## PROBLEM REQUIREMENTS
Extract the whole listing as it stands. Do not include the pictures.

## RECORDS FOR THIS EXERCISE
==========

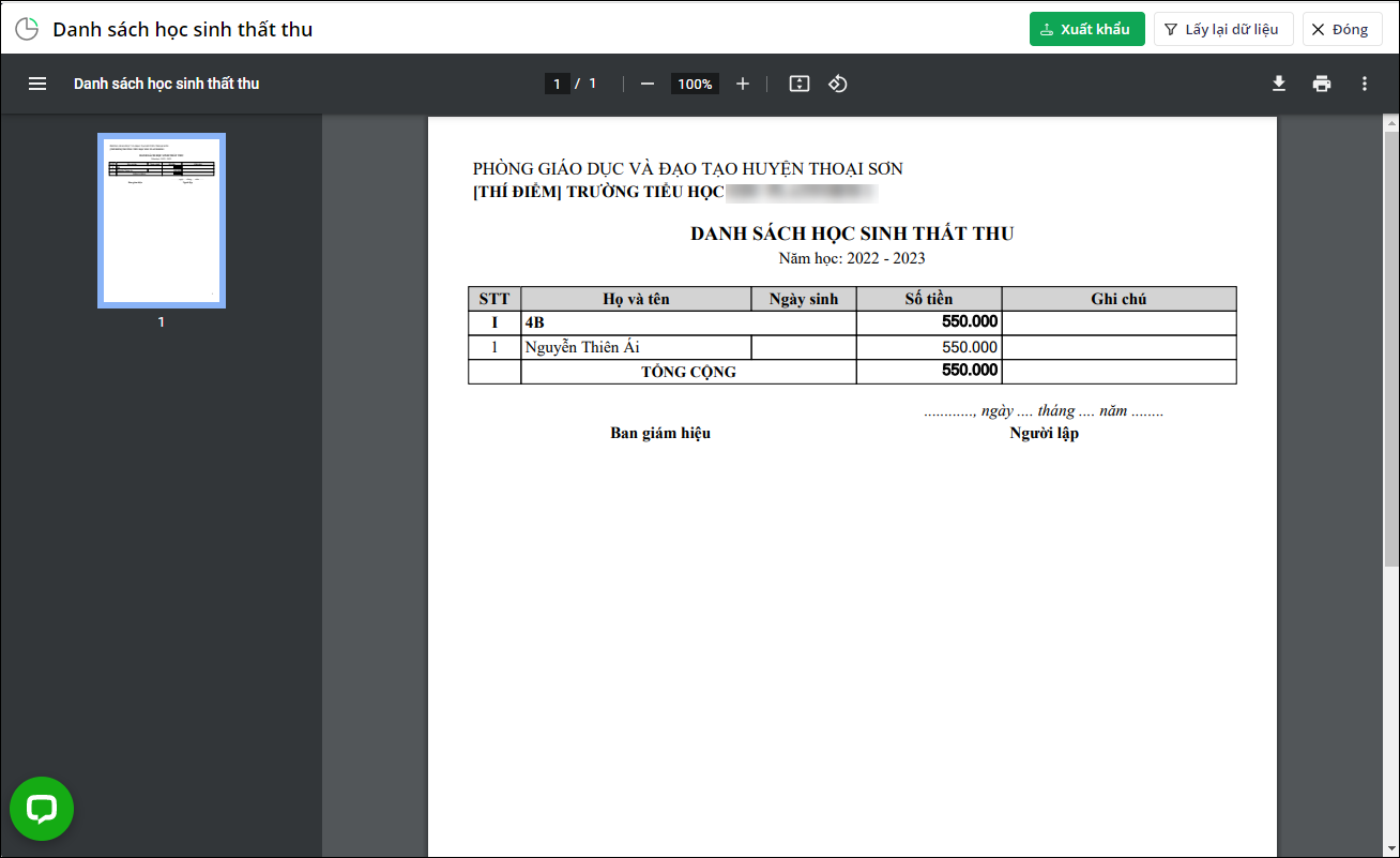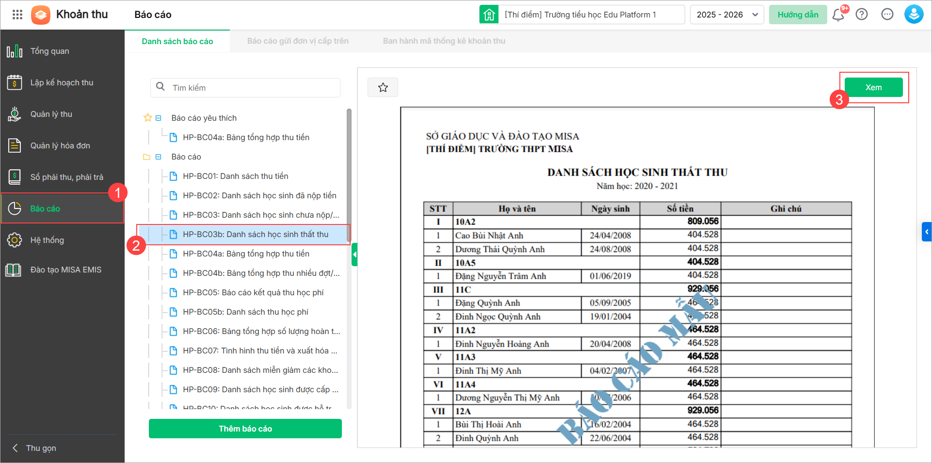 2. [EMIS Khoản thu] HP-BC03b: Danh sách học sinh thất thu
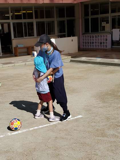 保護者の方と一緒に運動会の親子競技の練習をしました。障害物競走「のってくぐってはしって」では、フラフープをおうちの人にかけたり、ネットをくぐったり、ボールをお腹に挟んで落とさないように運んだりと色々な障害物を親子で協力して進みます。
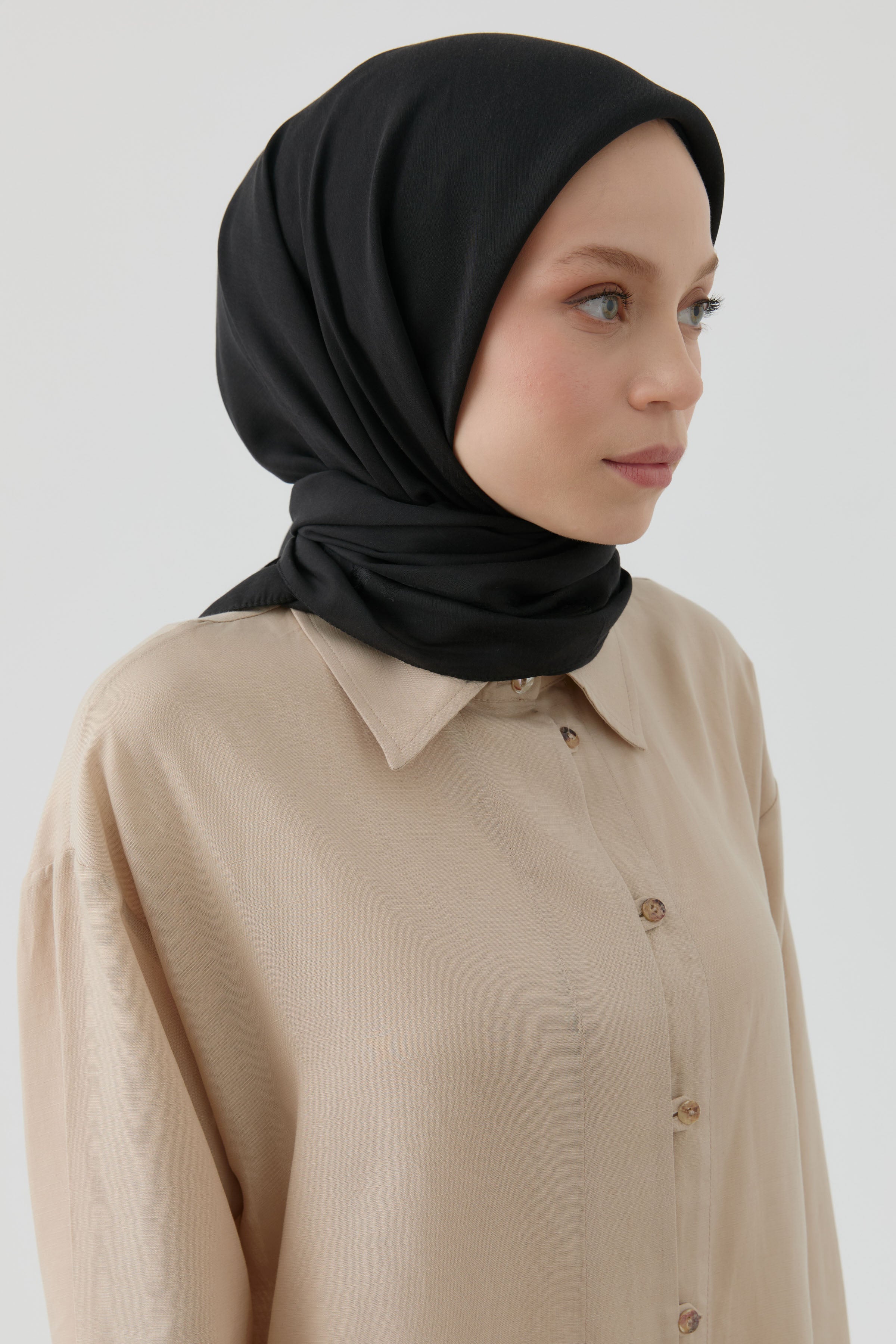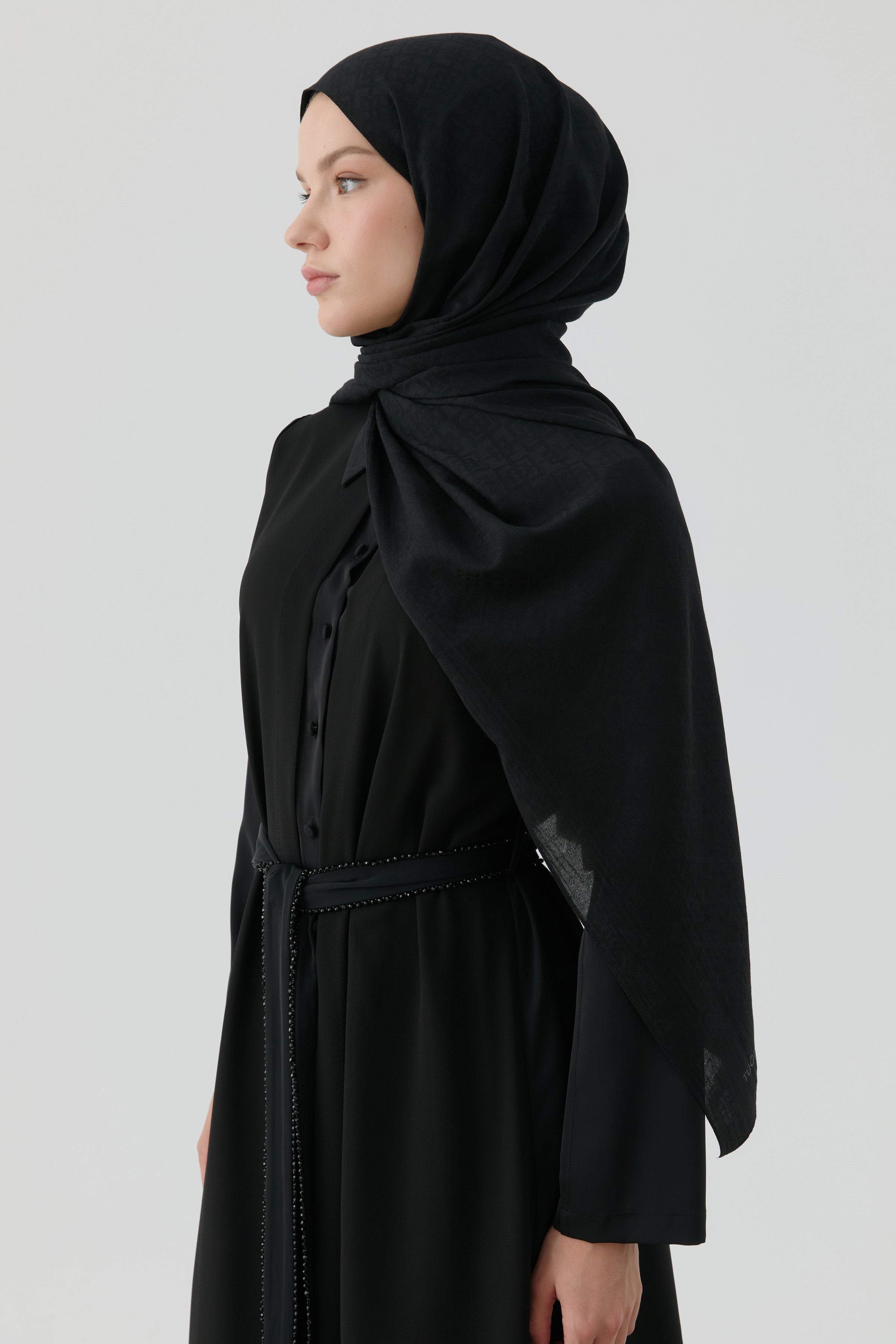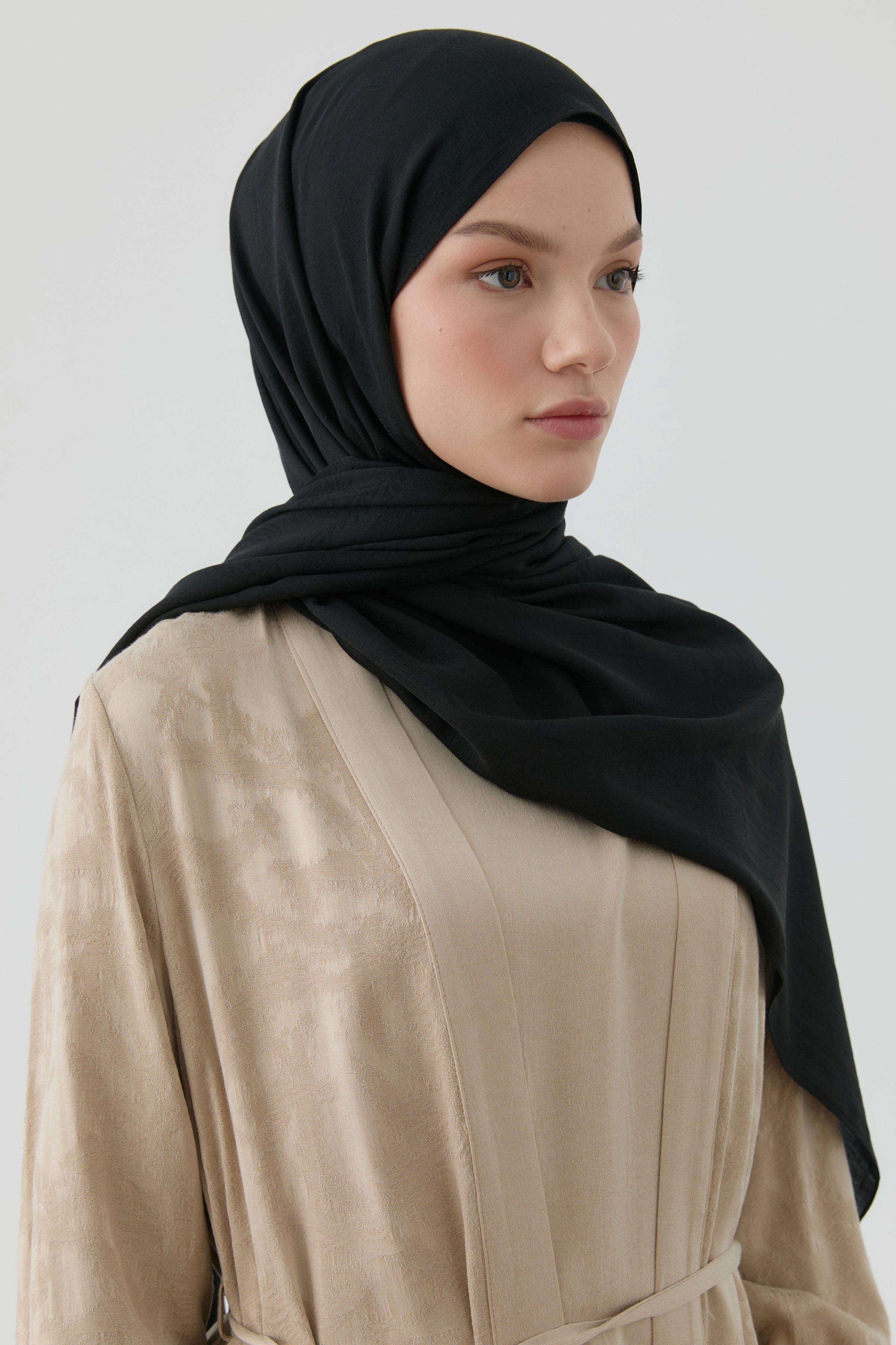 Écharpe naturelle Nevgül avec détails de bordure - Noir
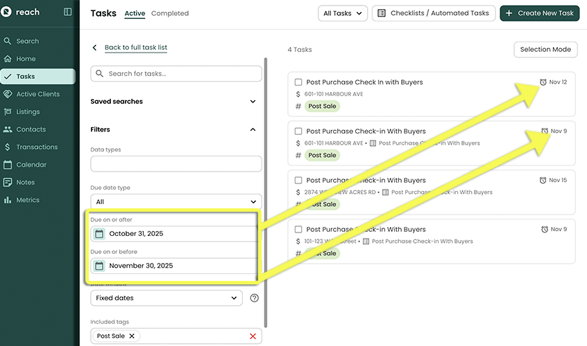 Tom now wants to filter all his upcoming Tasks related to past Transactions he has done. He is planning his client follow ups from sales (leading to more referral connections, he is sure of it!).
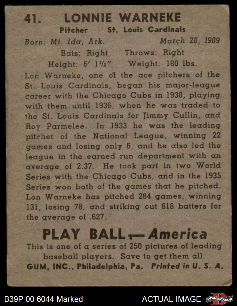 1939 Play Ball #41 Lonnie Warneke
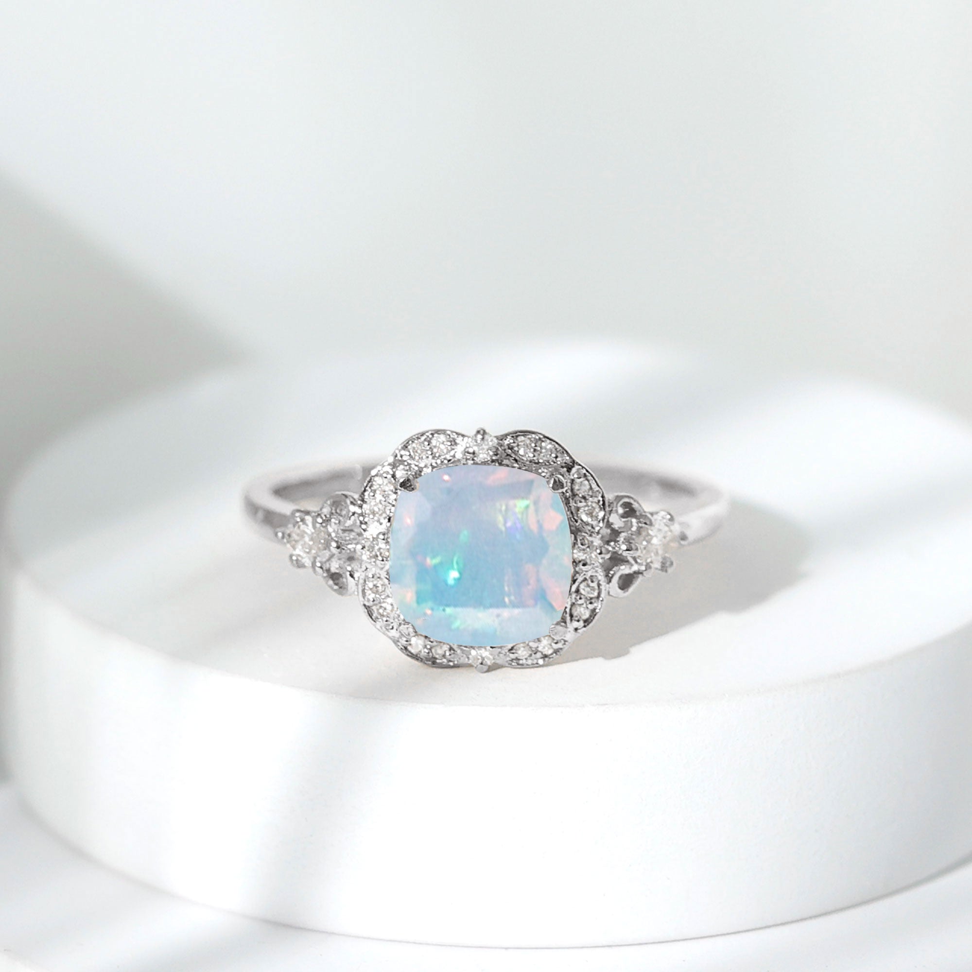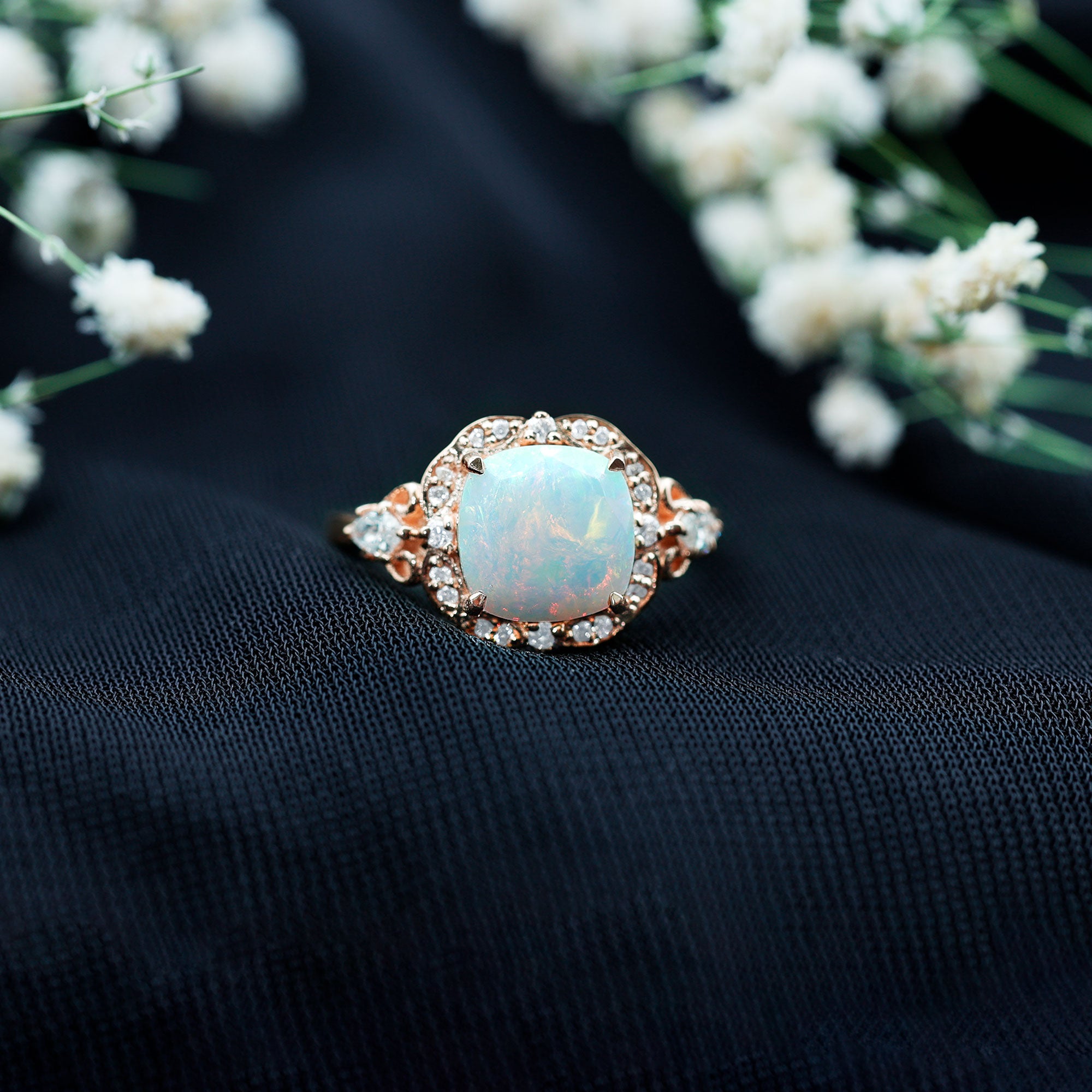 Prong, halo, pave are some of the popular settings for cushion cut gemstones.
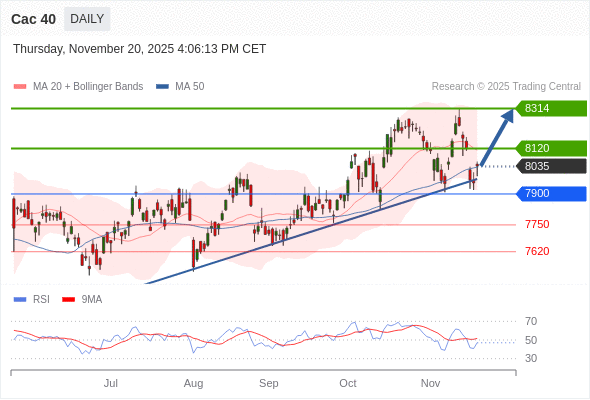 在 7900 之上,看涨,目标价位为 8120 ,然后为 8314 。
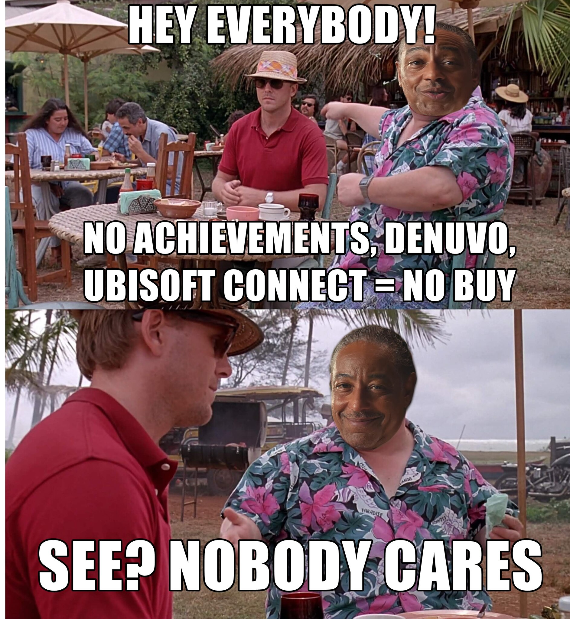 Far Cry 6 наконец вышла на ПК в Steam. На форуме Steam разработчиков из Ubisoft предупреждали, что следовало бы учесть прошлый негативный опыт с другими релизами и добавить достижения. В противном случае грозили применить штрафные санкции.
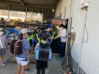 最後は消防自動車見学です。救急車、ハシゴ車、化学車、ブロアー車、支援車、そしてやっぱりポンプ車。中でも一番高い支援車は4億円するそうです。とても貴重な体験ができました。今から山江に向かって出発します。
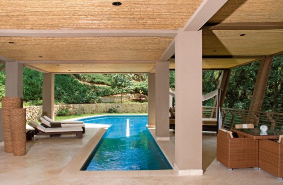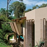 Due to the slope and building envelope location, the home was designed elevated off the ground on the slanted columns, and the social areas and master bedroom suite were located on the upper (entry) level, where the jungle view and distant ocean view was best, and the guest bedrooms along with the outdoor covered living area on the lower level. The latter space was designed to integrate with the swimming pool, which features a swim lane under the structure of the house, and therefore providing both covered and uncovered areas inside the pool.
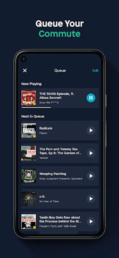 • Bookmark individual episodes, with drag and drop sorting to listen how you want.
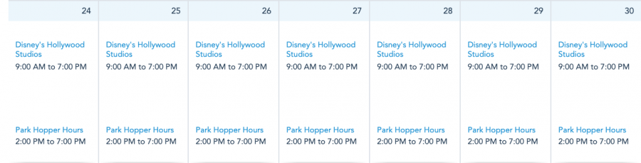 Next week, Disney’s Hollywood Studios will be open daily from 9AM-7PM, with Park Hopping available from 2PM-7PM.
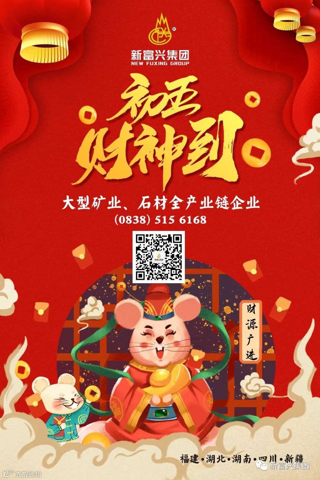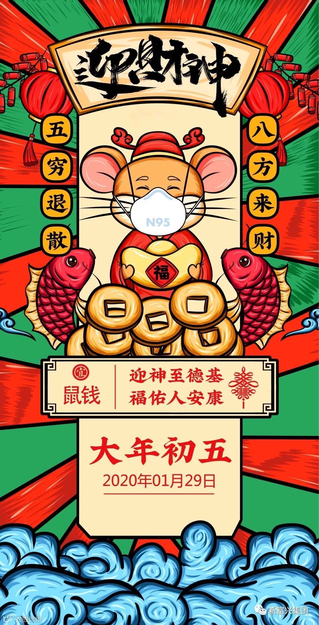 大年初五,艮牛耕春。五路接财神,东西南北中,财富五路通。
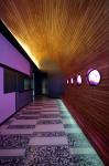 Access to the premises is by a foyer that simulates the interior of a ship lined with wood, where five high definition screens framed as oval windows that may show either a clouded sky travelling at high speed or bottom of the sea images transforming it into a submarine.
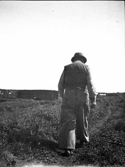 Porträtt bakifrån av en man i overall som vandrar stigen fram.
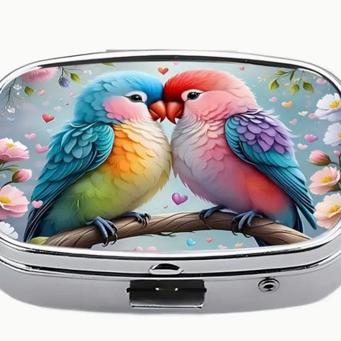 SUPER SØD PILLEÆSKE med et charmerende motiv af TO HAVODDERE I VAND MED LOTUSBLOMSTER. Motivet er under (plexi)glas og æsken indeholder to rum, se billede nr. to. Æsken er sølvfarvet og den er 4x5,5 cm. Pilleæsken er helt ny. Vægt 32 gram

==========

## TASK OUTPUT
 2. [EMIS Khoản thu] HP-BC03b: Danh sách học sinh thất thu
 保護者の方と一緒に運動会の親子競技の練習をしました。障害物競走「のってくぐってはしって」では、フラフープをおうちの人にかけたり、ネットをくぐったり、ボールをお腹に挟んで落とさないように運んだりと色々な障害物を親子で協力して進みます。
 Écharpe naturelle Nevgül avec détails de bordure - Noir
 Tom now wants to filter all his upcoming Tasks related to past Transactions he has done. He is planning his client follow ups from sales (leading to more referral connections, he is sure of it!).
 1939 Play Ball #41 Lonnie Warneke
 Prong, halo, pave are some of the popular settings for cushion cut gemstones.
 在 7900 之上,看涨,目标价位为 8120 ,然后为 8314 。
 Far Cry 6 наконец вышла на ПК в Steam. На форуме Steam разработчиков из Ubisoft предупреждали, что следовало бы учесть прошлый негативный опыт с другими релизами и добавить достижения. В противном случае грозили применить штрафные санкции.
 最後は消防自動車見学です。救急車、ハシゴ車、化学車、ブロアー車、支援車、そしてやっぱりポンプ車。中でも一番高い支援車は4億円するそうです。とても貴重な体験ができました。今から山江に向かって出発します。
 Due to the slope and building envelope location, the home was designed elevated off the ground on the slanted columns, and the social areas and master bedroom suite were located on the upper (entry) level, where the jungle view and distant ocean view was best, and the guest bedrooms along with the outdoor covered living area on the lower level. The latter space was designed to integrate with the swimming pool, which features a swim lane under the structure of the house, and therefore providing both covered and uncovered areas inside the pool.
 • Bookmark individual episodes, with drag and drop sorting to listen how you want.
 Next week, Disney’s Hollywood Studios will be open daily from 9AM-7PM, with Park Hopping available from 2PM-7PM.
 大年初五,艮牛耕春。五路接财神,东西南北中,财富五路通。
 Access to the premises is by a foyer that simulates the interior of a ship lined with wood, where five high definition screens framed as oval windows that may show either a clouded sky travelling at high speed or bottom of the sea images transforming it into a submarine.
 Porträtt bakifrån av en man i overall som vandrar stigen fram.
 SUPER SØD PILLEÆSKE med et charmerende motiv af TO HAVODDERE I VAND MED LOTUSBLOMSTER. Motivet er under (plexi)glas og æsken indeholder to rum, se billede nr. to. Æsken er sølvfarvet og den er 4x5,5 cm. Pilleæsken er helt ny. Vægt 32 gram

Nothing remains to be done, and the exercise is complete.